En ese entonces no usaba
cachucha. La primera vez que lo ví traía collarín en el cuello y cabrestillo en
un brazo a consecuencia de un levantón que le habían dado para que no publicara
su libro 100 preguntas sobre el caso Colosio.
Felipe era terco y luego
de una charla con mi tío Xavier terminé capturando en la computadora el grueso
engargolado que nos llevó a imprimir. A mis 18 años fue mi primer acercamiento
con un trabajo periodístico y estaba muy emocionado además por capturar la obra
del corresponsal de la revista Quehacer Político.
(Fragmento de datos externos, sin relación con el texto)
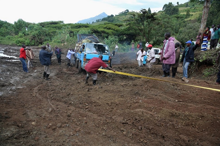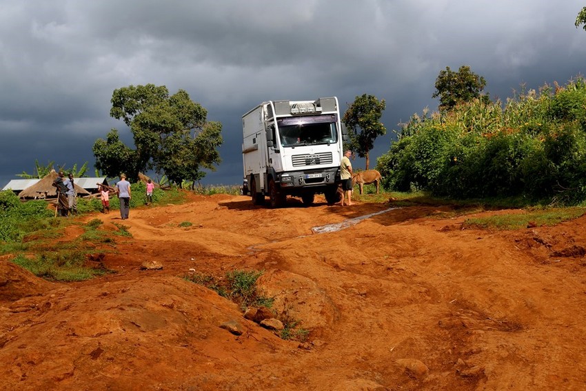 Da waren auch die Situationen, in denen wir uns geschworen haben, nie mehr so kleine, enge Straßen zu fahren. So zum Beispiel am Lake Bunyoni in Uganda, wo die Straße drohte wegzubrechen und wir beinahe in den See gerutscht wären, oder auf der kleinen Schlammstraße rund um den Kilimandjaro in Tansania, wo wir gerade mal so Platz hatten. Und manchmal blieb uns fast das Herz stehen, so in Uganda als wir auf matschiger Straße bergab in den Straßengraben rutschten, oder als wir im Oman mit dem Hinterrad bis zur Achse in eine Abwassergrube einbrachen. Auch unsere Kettensäge war schon mehrmals im Einsatz, um uns den Weg frei zu machen. Reifenwechseln „schockt“ uns mittlerweile nicht mehr, auch wenn wir es nicht allzu gerne machen.
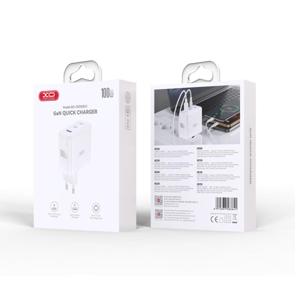 СЗУ -XO- QC3.0 5А 1xUSB 2xType-C (CE35 PD100W, белый)
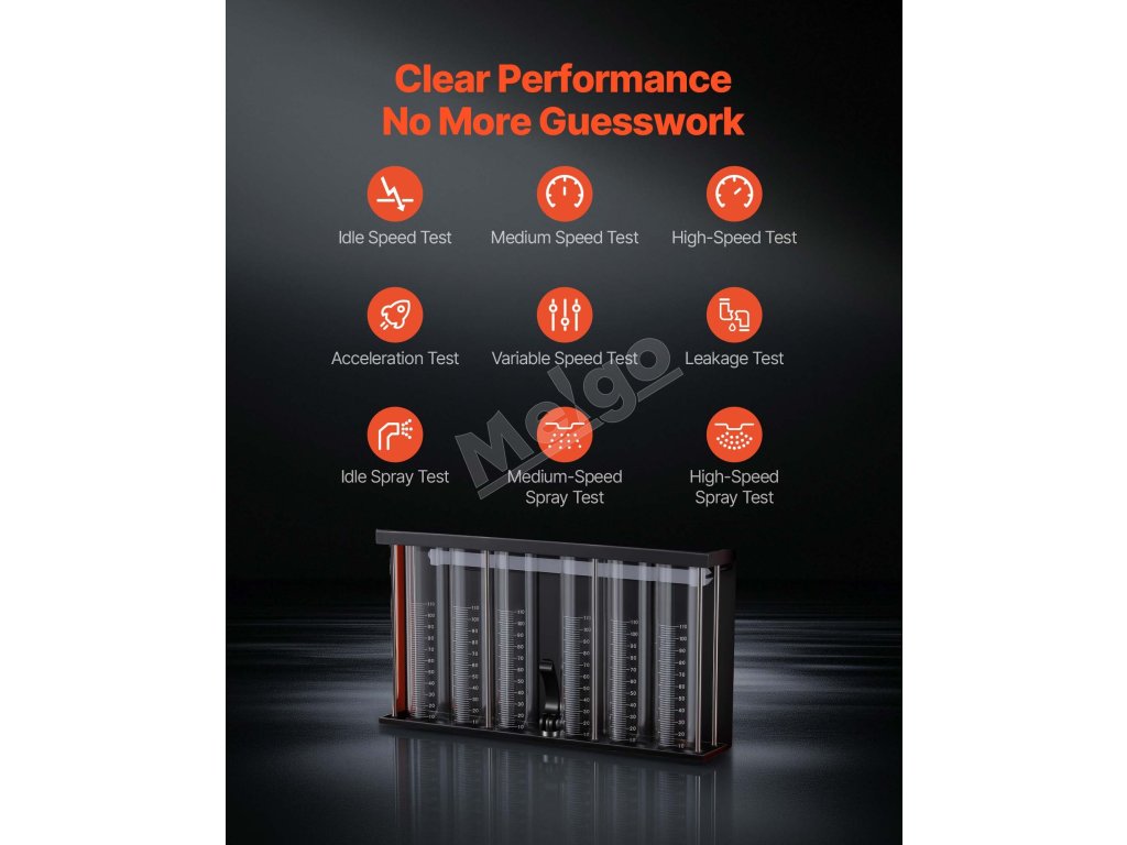 Testujte 6 vstrekovačov paliva súčasne. Náš čistič vstrekovačov vám umožňuje ľahko pozorovať atomizáciu, kvapkanie, upchávanie, uhol rozprašovania a rovnomernosť.
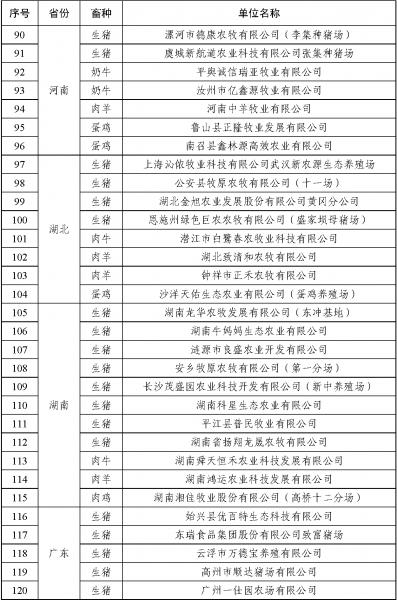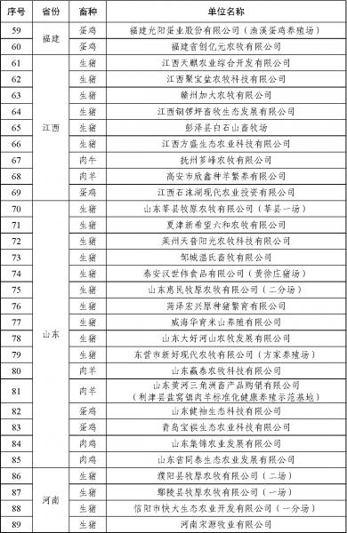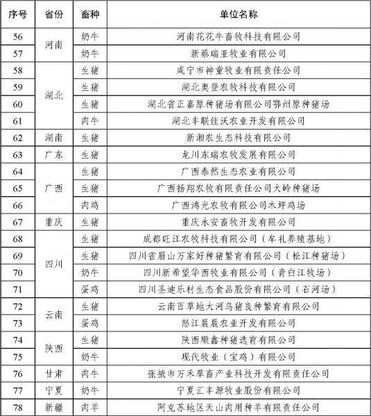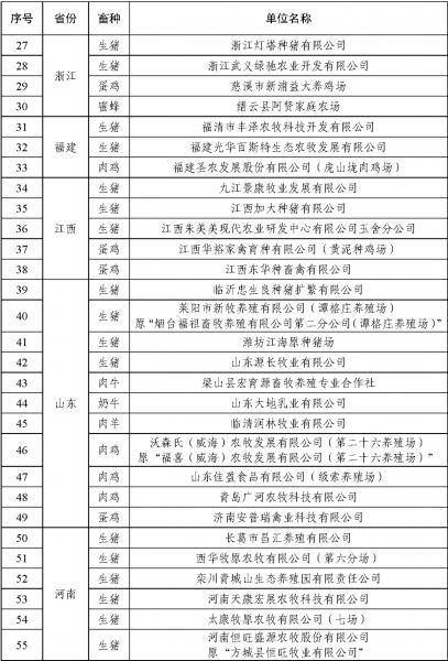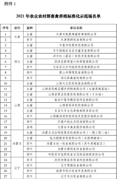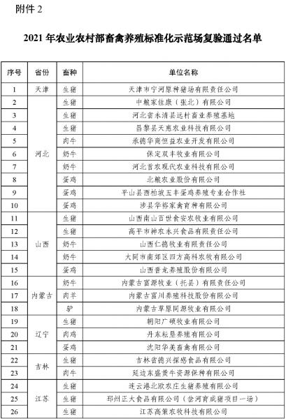按照《農(nóng)業(yè)農(nóng)村部辦公廳關于開展2021年畜禽養(yǎng)殖標準化示范創(chuàng)建活動的通知》(農(nóng)辦牧﹝2021﹞20號),農(nóng)業(yè)農(nóng)村部組織開展了2021年畜禽養(yǎng)殖標準化示范創(chuàng)建活動,并要求地方對2018年度正式公布、2021年底到期并有意愿繼續(xù)創(chuàng)建的示范場進行了現(xiàn)場復驗。經(jīng)養(yǎng)殖場自愿申請、省級遴選推薦、部級專家評審和網(wǎng)上公示,現(xiàn)確定天津市惠康種豬育種有限公司等193家畜禽養(yǎng)殖場為2021年農(nóng)業(yè)農(nóng)村部畜禽養(yǎng)殖標準化示范場。經(jīng)現(xiàn)場審核,天津市寧河原種豬場有限責任公司等78家養(yǎng)殖場通過復驗,一并予以公布。

Años más tarde compartimos
micrófonos en el programa Charlemos de mi amigo Jorge Valente Nava. Cuando con
Valente lanzamos al aire Tribuna Popular propuse incluir las famosas comadres de la columna de Felipe y
ambos aceptaron. Jigney y Caro, asistentes de Jorge hicieron las voces. Fue
fantástico escuchar en la magia de la radio los divertidos textos de sátira
política que Felipe publicaba en su
columna Indiscreción entre comadres.
Siempre me llamó la
atención que era un hombre sociable, alegre, pero solitario. De su familia
hablaba con orgullo de su hija estudiante de cinematografía a la que no conocí.
Pero él vivía solo en
Acapulco en un local cercano a la Fiscalía donde las veces que lo visité solo
veía un escritorio. Nunca me atreví a preguntarle si no tenía más muebles.
En ese escritorio donde
daba vida a sus libros, columnas y últimamente a sus videos para redes sociales
murió Felipe Victoria Zepeda.
El escritor, investigador
y maestro de la sátira, se fue como suelen irse quienes se dedican a este
oficio de locos, solo y en la pobreza.
Descansa en paz Felipe,
Proculina y Torturina están de luto y no hablarán más. Los vamos a extrañar.